Texte intégral
Le Figaro Magazine. – Vous avez récemment accordé aux fonctionnaires une augmentation de 2,6 % de leurs traitements, alors que ces traitements étaient déjà supérieurs de 10,7 % en moyenne à ceux du secteur privé. N’aurait-il pas été plus utile pour l’ensemble de la collectivité de consacrer cet argent (5,3 milliards en 1998, 9,5 milliards en 1999 et 23,3 milliards en 2000) aux investissements, à la redistribution sociale ou au paiement de la dette ?

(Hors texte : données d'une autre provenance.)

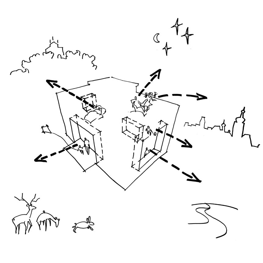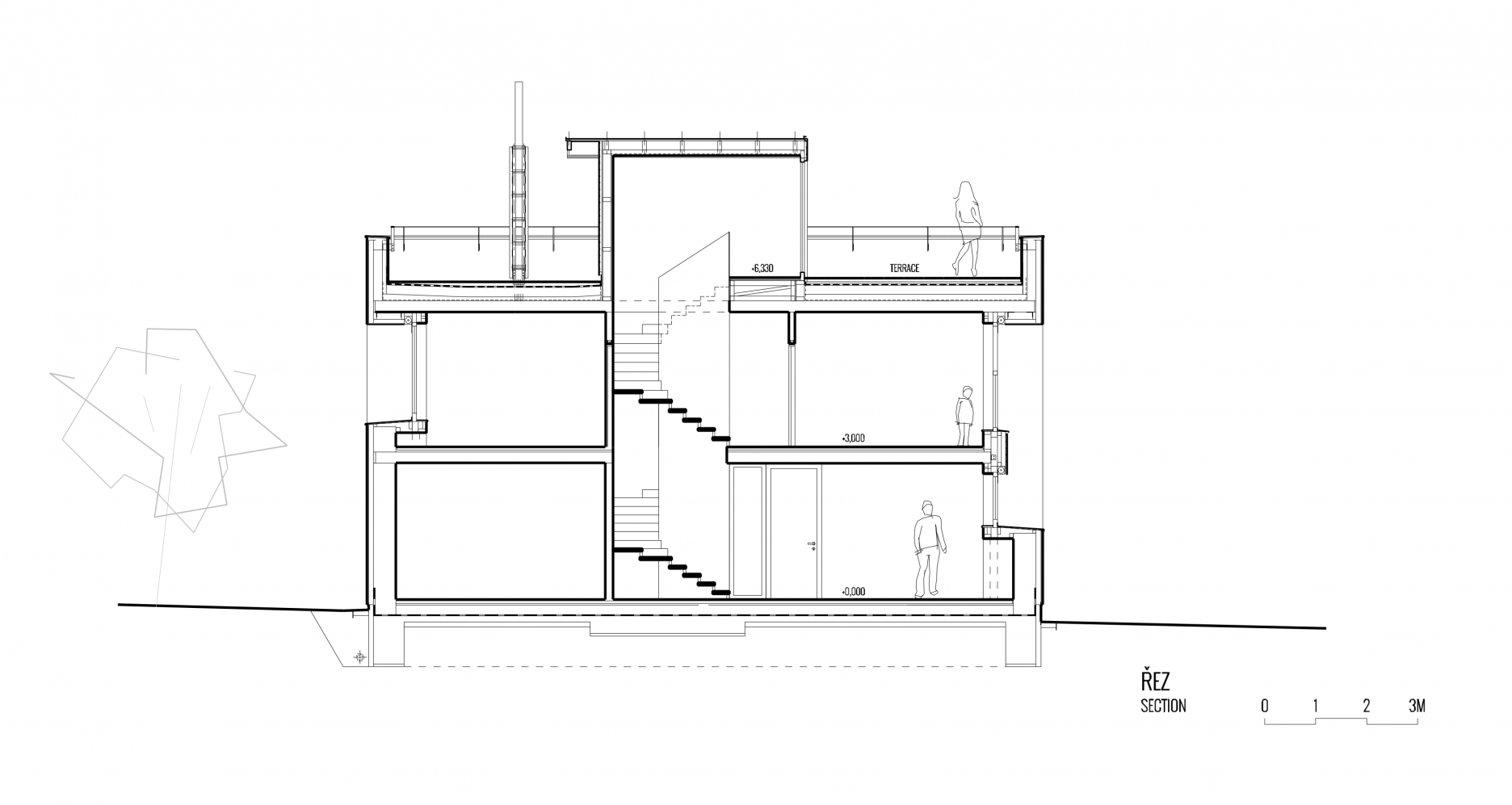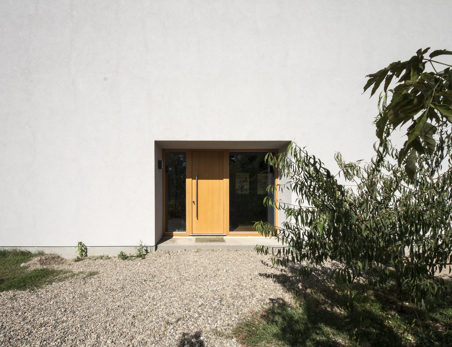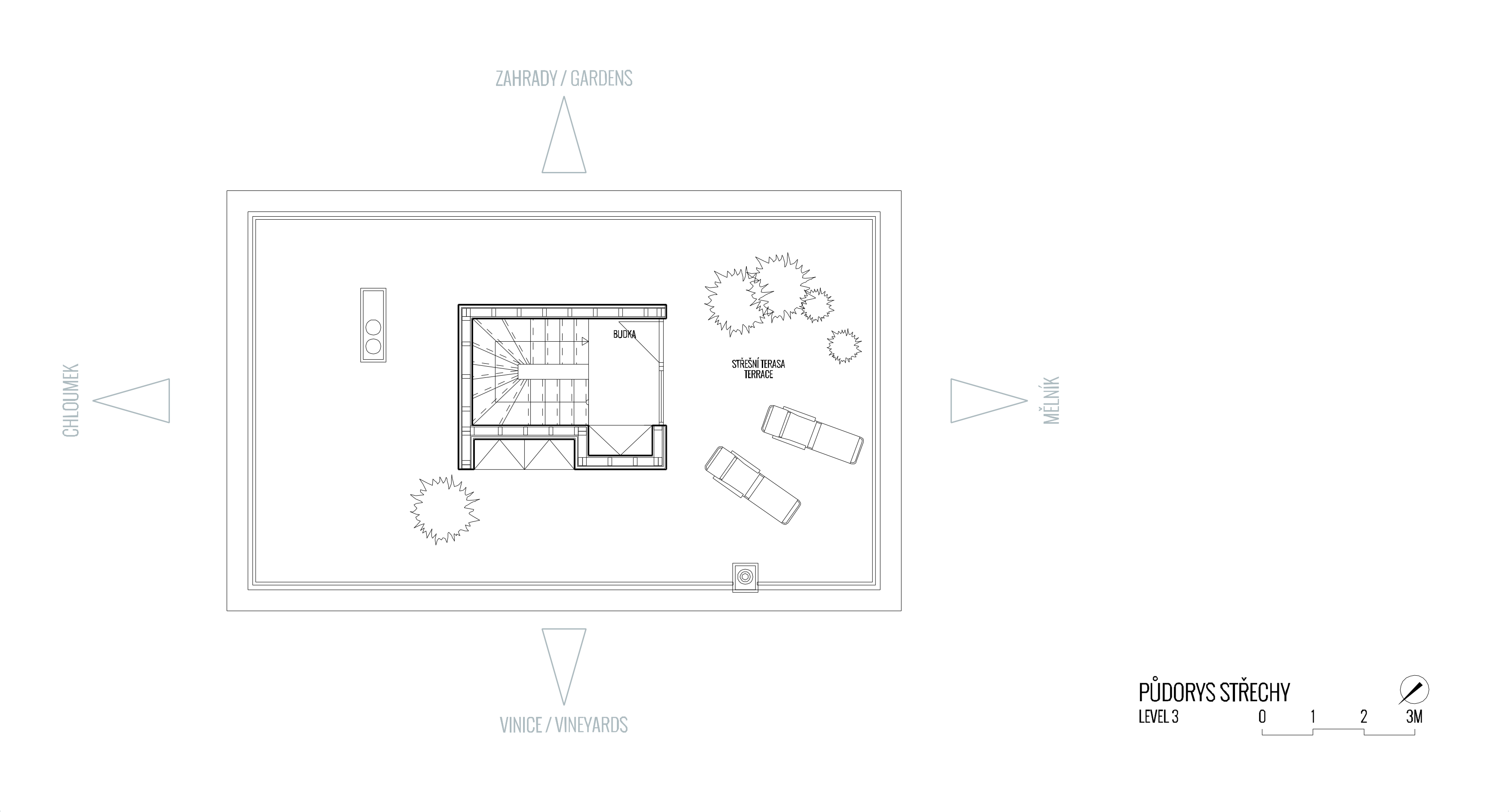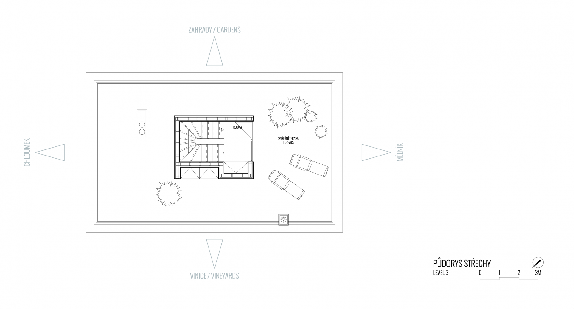 Umiestnenie domu v strede neveľkej parcely na okraji mesta Mělník akcentuje prepojenie domu s výhľadmi do krajiny. V každej zo štyroch fasád je zapustený jeden otvor rámujúci špecifický, pre každú stranu jedinečný výhľad - na vinicu, panorámu mesta, barokovú kaplnku a siluetu krajiny. Veľkosť a proporcia okenných otvorov je určená predovšetkým vzťahom medzi interiérom a charakterom jednotlivých výhľadov.
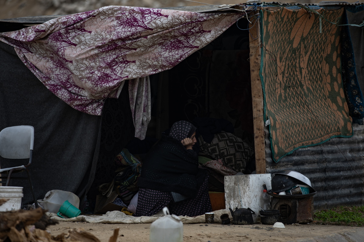 epa11738485 An internally displaced Palestinian woman sits inside her tent on a windy day in Khan Younis, southern Gaza Strip, 24 November 2024. According to the UN, at least 1.9 million people (or nine in ten people) across the Gaza Strip are internally displaced, including people who have been repeatedly displaced. Since October 2023, only about 11 percent of the Gaza Strip has not been placed under Israeli-issued evacuation orders, the UN aid coordination office OCHA said. EPA/HAITHAM IMAD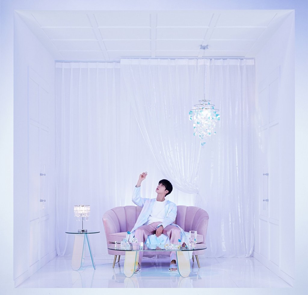 Jin is fifth in line to get his concept photo released. His room is filled with jeweled tones of lavender, blues and white that represent his love for all things simple but elegant. He is sitting on a lavender couch wearing lavender pants and his pastel blue robe matches the blue tones and hues around the room. The color lavender is associated with the youthful, untamed growth found in nature during springtime. Lavender shades have a sacred place in nature, with lavender, orchid, lilac, and violet flowers considered delicate and precious.
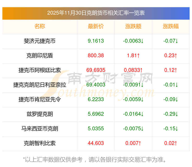 根據(jù)2025年11月30日匯率計算,CZK兌換USD匯率最新價0.048060:今開價0.0481,昨收價0.0481,最高價0.0481,最低價0.0478。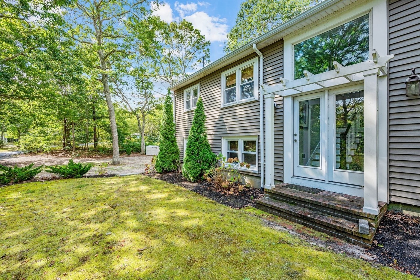 Exterior view of formal entry and driveway beyond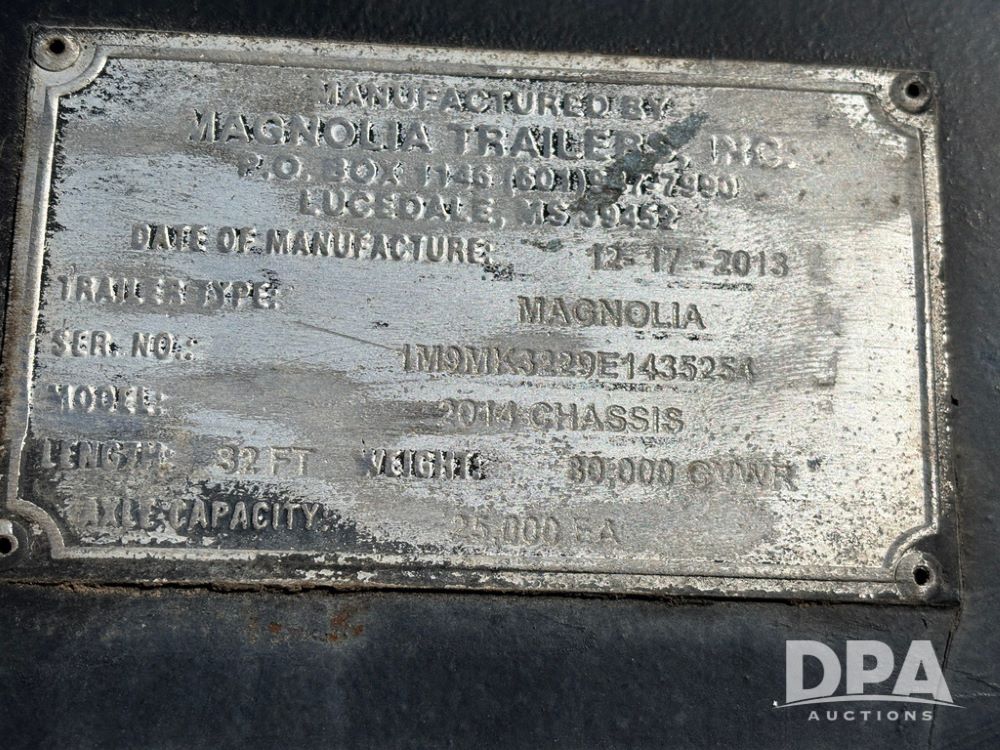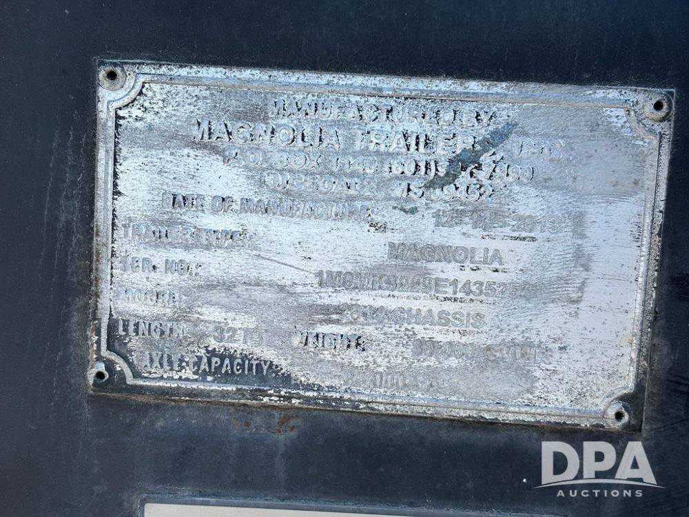 2014 Magnolia Dry Tender Trailer (GP12728, Unit 2), 2014 Magnolia dry tender trailer, 24 ton capacity, 2 compartment, 32 foot trailer, rear discharge auger, vibrators, electric roll tarp, self contained diesel engine (approx. 357 hours), electric start control panel, tandem axle, spring suspension, 255/70R22.5 tires.

Emile Zuccarelli. – Il n’y avait pas eu d’accord salarial dans la fonction publique depuis 1993 ; il importait en outre d’augmenter le niveau des plus bas salaires et de maintenir le pouvoir d’achat des fonctionnaires pour les deux années à venir. J’estime donc qu’il était parfaitement normal, et de ma responsabilité de négocier un tel accord. Cela dit, je m’inscris en faux contre l’assertion que vous énoncez : à qualification égale, il est faux de dire que les fonctionnaires sont mieux rémunérés que les salariés du privé. Car il est impossible de comparer la rémunération moyenne de deux populations aussi différentes ! L’une comptant seulement 15 % de cadres, et l’autre en 40 % et 45 %…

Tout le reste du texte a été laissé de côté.